Санитарка то и дело вытирала салфеткой пот с моего лба. Ее пальцы казались мне ледяными. Я видел бледное от переживания за меня Олино лицо, но не видел глаз — Оля прятала свой виноватый взгляд.
Я лихорадочно вспоминал все операции аппендицита, на которых мне приходилось бывать, но это не помогало. Тогда мои одеревеневшие губы зашевелились, беззвучно призывая на помощь Ивана Спиридоновича. Я молился, ему, а когда и это не помогло, — руки мои опустились. Вдруг все стало безразличным, никчемным. И не знаю, чем бы все это кончилось, если б не Катя.
— Доктор, вы не устали? — спросила она.
Спросила просто, без злости, без упрека, без особой тревоги, и я искренне ответил:
— Очень устал.
На ее бледном лице дрожали капли пота. Они были крупными, тяжелыми и тусклыми, как капли росы в туманный рассвет.
В глазах Кати — крайняя усталость и покорность. Точнее — терпение, которым природа щедро одарила женщин, без которого они не смогли бы вынести тягот жен, матерей, тягот верных подруг…
А ведь перед операцией эти глаза были колючими, по-мужски решительными и волевыми. Как я измучил ее!..
— Очень устал.
— Я тоже, — ответила она и попыталась улыбнуться.
Вот и все.
Кривой хирургической иглой я зашил разрез и прямо в перчатках отошел к окну…

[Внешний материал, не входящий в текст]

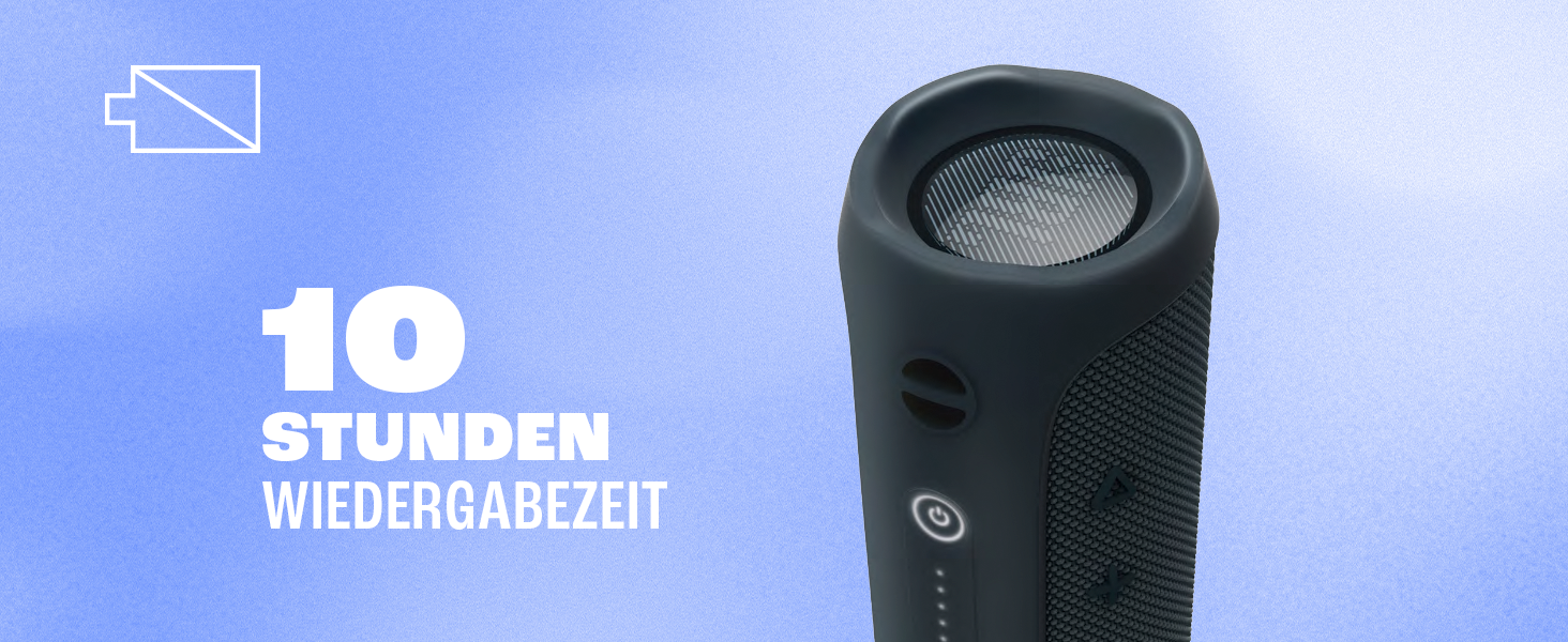 Für Musik, die immer länger und lauter wird, bietet die Flip Essential 2 bis zu 10 Stunden Spielzeit, so dass man sich nicht um Kleinigkeiten wie das Aufladen des Akkus kümmern muss

…Жаба моргнула раза два выпученными глазами, будто говорила мне:
— Вот так, дорогой… А как же ты думал?
Моргнула жаба и не спеша ускакала под лопухи.
— Вот и все! — громко зачем-то сказал я и испугался своего голоса. Испугался и оглянулся.

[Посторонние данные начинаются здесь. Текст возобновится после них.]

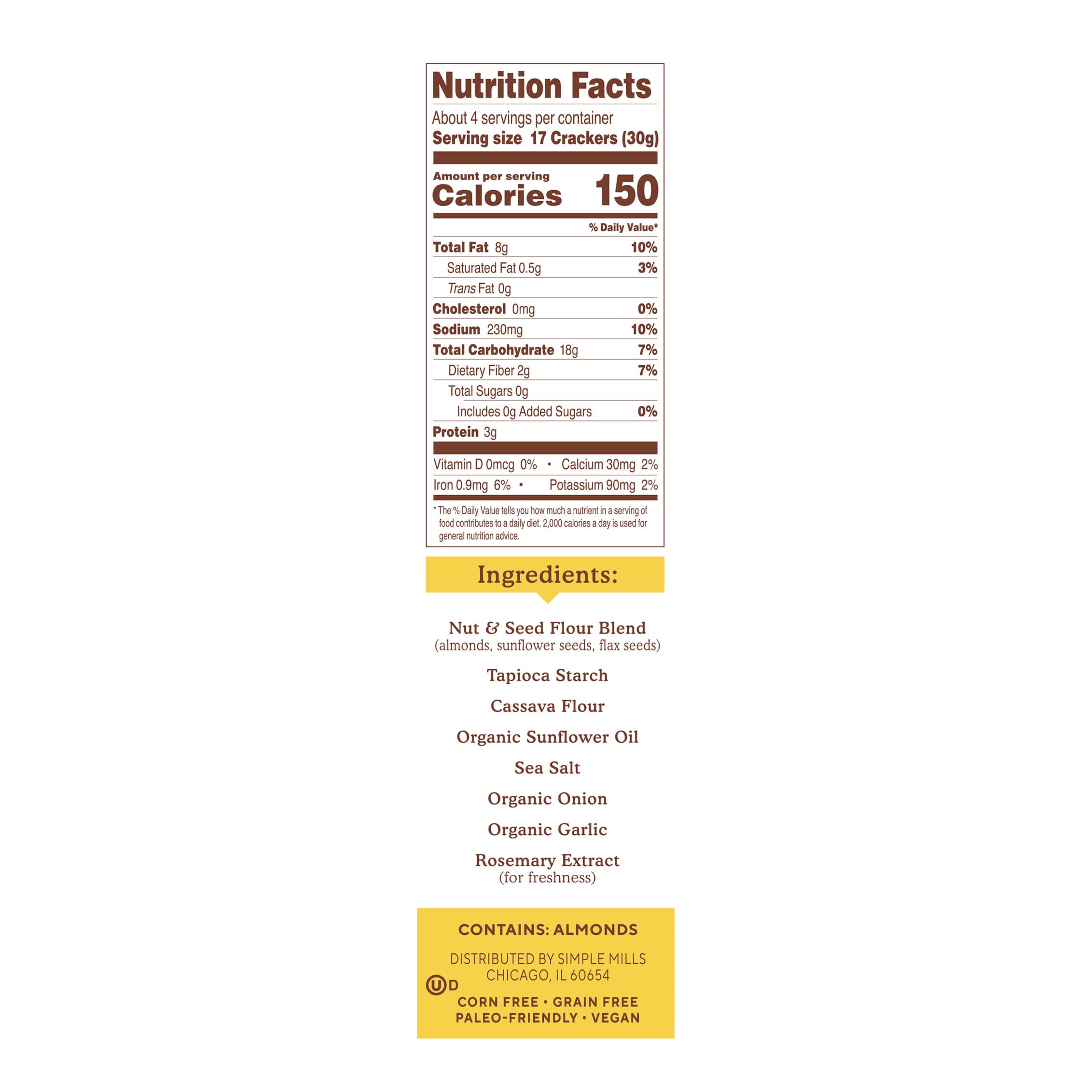 Смесь ореховой муки и муки из семян (миндаль, семена подсолнечника, семена льна), тапиоковый крахмал, мука из кассавы, органическое подсолнечное масло, морская соль, органический лук, органический чеснок, экстракт розмарина (для свежести).

Пожилая санитарка убирала окровавленные салфетки и не обратила никакого внимания на мои слова.
В ординаторскую, где я переодевался, прибежала Сима. Моя Конопушка. Она плакала.

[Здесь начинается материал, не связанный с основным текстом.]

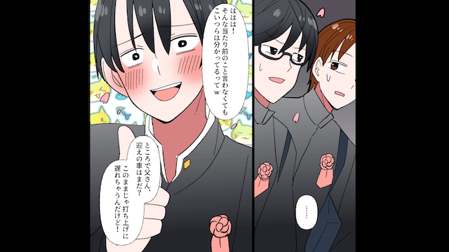 今回は『夫「家族失格だぞ!?」妻「私に家族は居ませんが?」家族に嫌われ続けた妻の逆襲の話』を紹介します。 卒業式が終わり、友人たちに偉そうな態度をとる息子。 友人たちは明らかに引いていますが、息子本人はそれに気づいておらず…。

— Почему ты не позвал меня? Я все-таки тоже врач. Почему не позвал?
«В самом деле, почему не позвал?»
— Эта старая дура, санитарка, уже звонит по всей больнице. Прислали, говорит, сосунка, он и аппендицит-то вырезать не может. Будет тут теперь людей калечить… Иди, скажи ей, дуре, скажи им всем, что ты… ты… — Сима разревелась, уткнувшись в подушку на койке дежурного врача.
В институте меня называли талантливым, а некоторые даже говорили о моем блестящем будущем.
Конечно, я Симе нравился, но любила она во мне не только человека, мужчину, но и будущего хирурга. Наступил наконец долгожданный день первой самостоятельной операции. Сима тайком приготовила цветы, купила дорогой спиннинг, вино и вдруг — трах-бах!.. Начинающий, подававший надежды хирург Петр Завражин, ее возлюбленный, так сказать, летит вверх тормашками под откос…
Чтобы посеять сомнение, понадобилось лишь два часа, а чтобы разбить его, могут понадобиться годы. Какое дело больному до мудрых слов великого ученого, если от них не стало легче? Разве можно заставить санитарку молчать? И теперь случись кому-нибудь идти к хирургу — он обязательно спросит:
— А это не тот, который не нашел аппендицит?
Спросит и, уж конечно, не ляжет под мой нож.
Короче говоря, я совершил такой промах, что надо было бежать из Ключевого без оглядки. Вот поэтому-то так горько и плакала Сима, моя Конопушка.
Я почувствовал чудовищную усталость.